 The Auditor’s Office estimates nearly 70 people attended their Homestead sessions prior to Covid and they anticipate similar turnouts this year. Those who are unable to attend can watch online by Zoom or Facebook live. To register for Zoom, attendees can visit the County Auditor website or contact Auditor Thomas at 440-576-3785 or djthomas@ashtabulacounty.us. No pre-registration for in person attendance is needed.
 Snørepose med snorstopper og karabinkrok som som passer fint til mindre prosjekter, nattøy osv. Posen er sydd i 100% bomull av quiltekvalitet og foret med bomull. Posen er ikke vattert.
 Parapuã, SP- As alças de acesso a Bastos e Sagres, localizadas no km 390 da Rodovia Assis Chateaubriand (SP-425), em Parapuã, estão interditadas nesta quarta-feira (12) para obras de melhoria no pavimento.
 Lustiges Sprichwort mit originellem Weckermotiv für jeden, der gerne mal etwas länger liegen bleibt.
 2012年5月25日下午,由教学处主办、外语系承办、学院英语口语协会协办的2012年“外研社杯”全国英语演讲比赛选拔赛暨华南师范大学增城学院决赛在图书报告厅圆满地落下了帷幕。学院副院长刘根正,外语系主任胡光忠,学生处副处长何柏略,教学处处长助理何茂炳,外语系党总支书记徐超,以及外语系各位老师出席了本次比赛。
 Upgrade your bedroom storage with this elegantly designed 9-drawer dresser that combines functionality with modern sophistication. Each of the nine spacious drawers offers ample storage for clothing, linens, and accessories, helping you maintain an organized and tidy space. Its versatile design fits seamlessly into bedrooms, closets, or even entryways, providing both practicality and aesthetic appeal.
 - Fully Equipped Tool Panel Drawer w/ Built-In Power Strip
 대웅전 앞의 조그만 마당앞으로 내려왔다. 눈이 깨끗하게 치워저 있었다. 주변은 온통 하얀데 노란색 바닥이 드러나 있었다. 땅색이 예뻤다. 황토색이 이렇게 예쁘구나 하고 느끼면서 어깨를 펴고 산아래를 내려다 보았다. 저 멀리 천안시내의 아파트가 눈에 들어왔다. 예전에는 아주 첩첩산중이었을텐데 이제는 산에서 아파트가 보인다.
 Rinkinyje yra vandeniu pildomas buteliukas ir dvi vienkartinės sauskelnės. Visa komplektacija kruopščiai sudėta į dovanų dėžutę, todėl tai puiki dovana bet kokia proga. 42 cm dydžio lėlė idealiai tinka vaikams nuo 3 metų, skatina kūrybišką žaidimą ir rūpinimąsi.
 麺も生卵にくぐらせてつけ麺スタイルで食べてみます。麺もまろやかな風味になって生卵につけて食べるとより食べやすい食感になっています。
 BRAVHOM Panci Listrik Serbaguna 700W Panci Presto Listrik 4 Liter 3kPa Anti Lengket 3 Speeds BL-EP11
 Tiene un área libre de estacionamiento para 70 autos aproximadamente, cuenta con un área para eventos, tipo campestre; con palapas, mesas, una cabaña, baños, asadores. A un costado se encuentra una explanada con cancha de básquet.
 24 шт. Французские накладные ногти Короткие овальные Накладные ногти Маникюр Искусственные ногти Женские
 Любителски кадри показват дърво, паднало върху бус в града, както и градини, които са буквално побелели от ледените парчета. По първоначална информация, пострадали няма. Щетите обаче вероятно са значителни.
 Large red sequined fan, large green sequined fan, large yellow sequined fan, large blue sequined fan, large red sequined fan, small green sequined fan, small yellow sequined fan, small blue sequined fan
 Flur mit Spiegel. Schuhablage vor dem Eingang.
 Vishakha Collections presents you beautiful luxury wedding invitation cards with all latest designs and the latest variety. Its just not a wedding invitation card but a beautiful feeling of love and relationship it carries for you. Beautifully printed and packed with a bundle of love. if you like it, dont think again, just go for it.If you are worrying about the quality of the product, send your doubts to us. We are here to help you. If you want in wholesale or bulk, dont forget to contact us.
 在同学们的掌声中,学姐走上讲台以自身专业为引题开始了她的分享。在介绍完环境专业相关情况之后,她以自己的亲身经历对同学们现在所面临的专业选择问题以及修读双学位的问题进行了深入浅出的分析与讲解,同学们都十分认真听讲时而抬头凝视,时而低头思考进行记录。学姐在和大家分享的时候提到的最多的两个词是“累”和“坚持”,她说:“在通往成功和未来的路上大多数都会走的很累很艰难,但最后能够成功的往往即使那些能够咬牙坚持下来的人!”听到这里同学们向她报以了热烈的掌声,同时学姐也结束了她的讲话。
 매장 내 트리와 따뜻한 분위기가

━━━━━━━━

TO DO →
Select and copy every line of the listing with the word "para".

TASK RESULT →
 Parapuã, SP- As alças de acesso a Bastos e Sagres, localizadas no km 390 da Rodovia Assis Chateaubriand (SP-425), em Parapuã, estão interditadas nesta quarta-feira (12) para obras de melhoria no pavimento.
 Tiene un área libre de estacionamiento para 70 autos aproximadamente, cuenta con un área para eventos, tipo campestre; con palapas, mesas, una cabaña, baños, asadores. A un costado se encuentra una explanada con cancha de básquet.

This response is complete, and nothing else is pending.